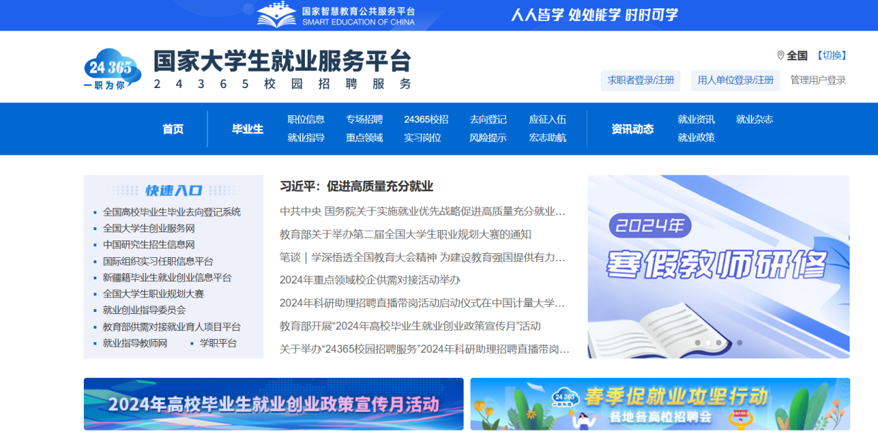 由中华人民共和国教育部主管、教育部员工服务与素质发展中心运营的公共就业服务平台,为高校毕业生和用人单位提供优质的“互联网+就业”服务。
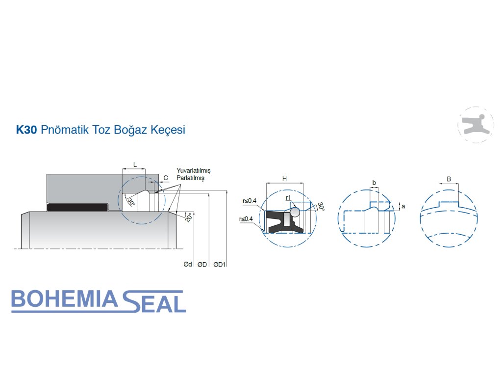 Pneumatické těsnění pístnice K30 je jednočinný těsnicí prvek kombinovaný se stíracím břitem vyrobený z elastomerového materiálu FKM a má uvnitř kovovou výztuhu pro použití v otevřených drážkách. Materiál FKM je odolný vysokým teplotám a chemikáliím.
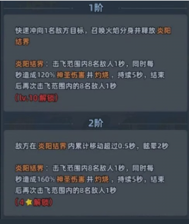 二技能则是全范围战略级压制技,无目标类型限制,Boss与小怪均可生效。一阶段突进展开火焰结界,范围内最多8名敌人被击飞;结界持续5秒,期间每秒造成120%神圣伤害,并附带持续灼烧;结界消散瞬间触发二次击飞,具备显著清场价值。二阶段解锁后,每秒伤害提升至160%,且敌方单位在结界内连续移动超0.5秒即触发2秒眩晕,极大强化了持续控场稳定性。
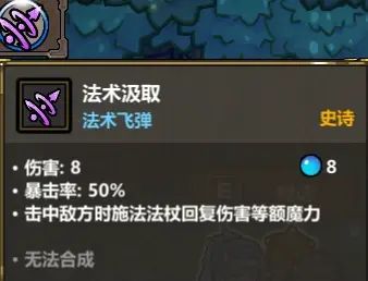 击中敌方时施法法杖回复伤害等额魔力,也就是说,当该法术命中敌人时,伤害为8,暴击为16,如果是8则回复8点蓝量,如果是16则回复16点蓝量。
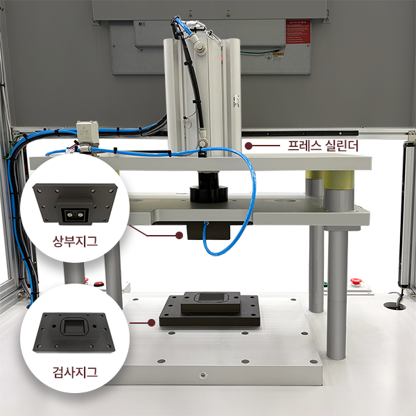 설명 본 장비는 ㈜KEM TECH에서 생산되는 EV 배터리셀 CAP ASSY 제품의 Vent 및 Terminal 부를 헬륨 누출 감지기로 누설 여부를 검사한다.

What the exercise asks: From the line that contains "击中敌方时施法法杖回复伤害等" down to the last line of the material above, every line must be repeated exactly, with pictures removed and both end lines included.

Answer to the exercise:
 击中敌方时施法法杖回复伤害等额魔力,也就是说,当该法术命中敌人时,伤害为8,暴击为16,如果是8则回复8点蓝量,如果是16则回复16点蓝量。
 설명 본 장비는 ㈜KEM TECH에서 생산되는 EV 배터리셀 CAP ASSY 제품의 Vent 및 Terminal 부를 헬륨 누출 감지기로 누설 여부를 검사한다.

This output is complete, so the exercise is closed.